I saw on the Retriever Forum that EE is not working. I checked using my PC and I also got a message that the site is corrupt. I checked the times and dates on my PC to make sure they are set up correctly, and they are. I did not try to access using CROME....just my Yahoo...

Anyone have any ideas?


----------



## hollyk (Feb 21, 2009)

It's working for me on my I-Pad.


----------



## AmberSunrise (Apr 1, 2009)

FireFox gave me a warning that the site's security certificate had expired, but allowed me to override and get into the site. 

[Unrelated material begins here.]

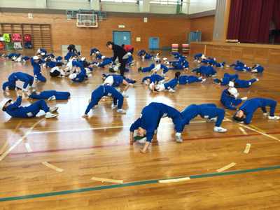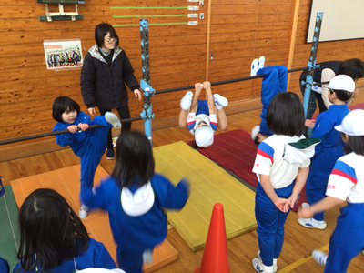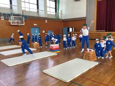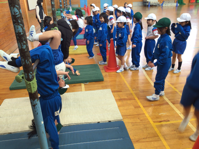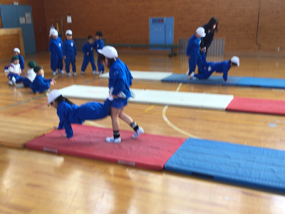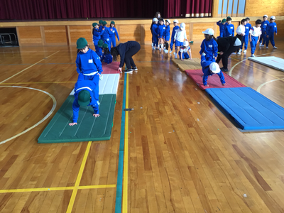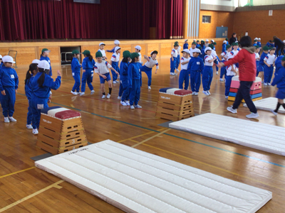 1年生体育の様子です。今日は、クラスごとに分かれ、跳び箱、マット、鉄棒を行いました。体育館は寒いのですが、みんな元気いっぱいです‼
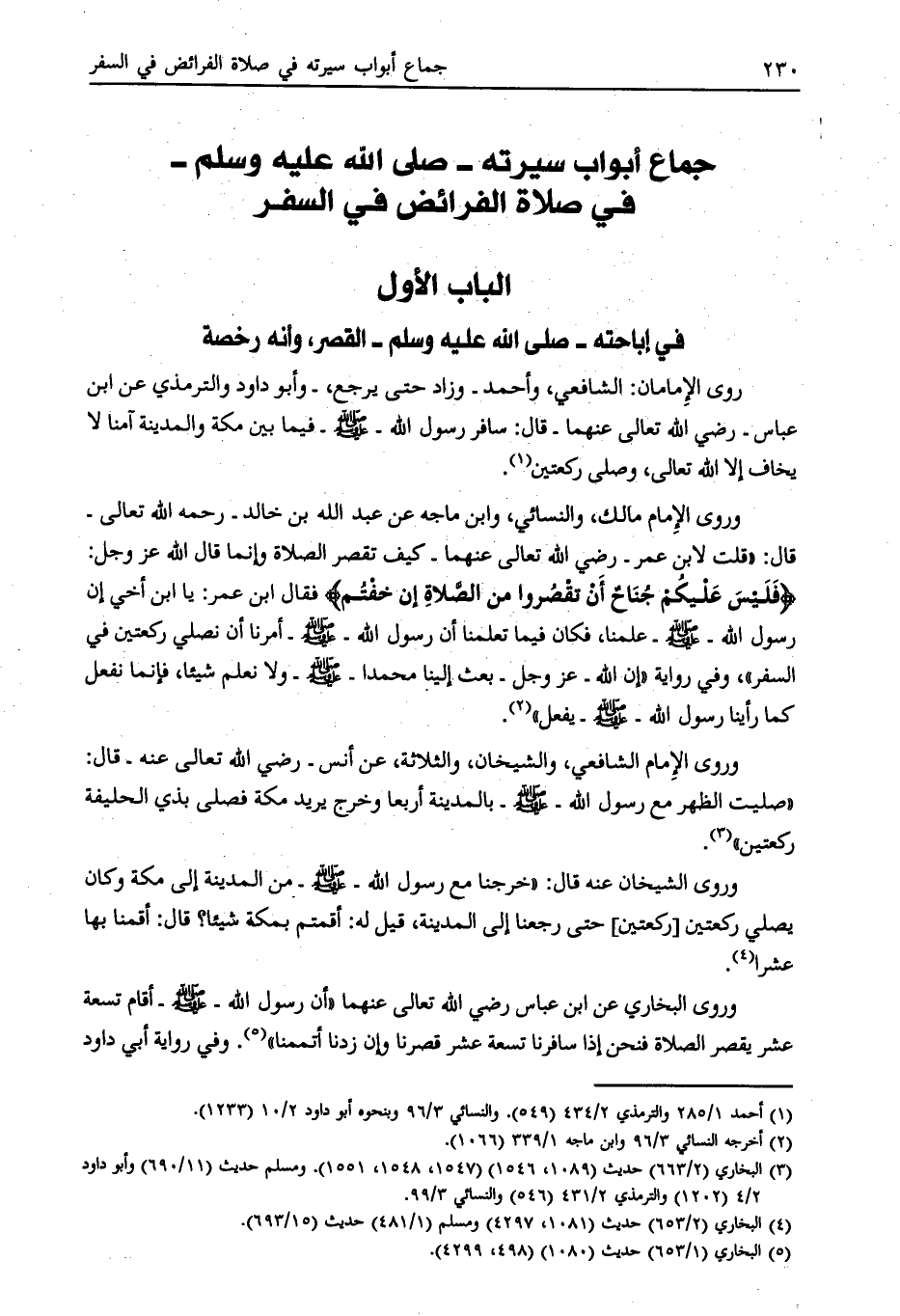 الباب الأول في إباحته- صلّى الله عليه وسلّم- القصر، وأنه رخصة

the https: address was still displayed though.


----------



## AmbikaGR (Dec 31, 2007)

I am having the same issue with both Firefox and IE. Sent them an email yesterday but have not heard back as of yet.


----------



## hotel4dogs (Sep 29, 2008)

My AOL gives me an "expired certificate" warning but lets me over-ride it and get into the site.


----------



## AmbikaGR (Dec 31, 2007)

hotel4dogs said:


> My AOL gives me an "expired certificate" warning but lets me over-ride it and get into the site.



Makes me nervous when I get "Expired security certificate". :uhoh:


----------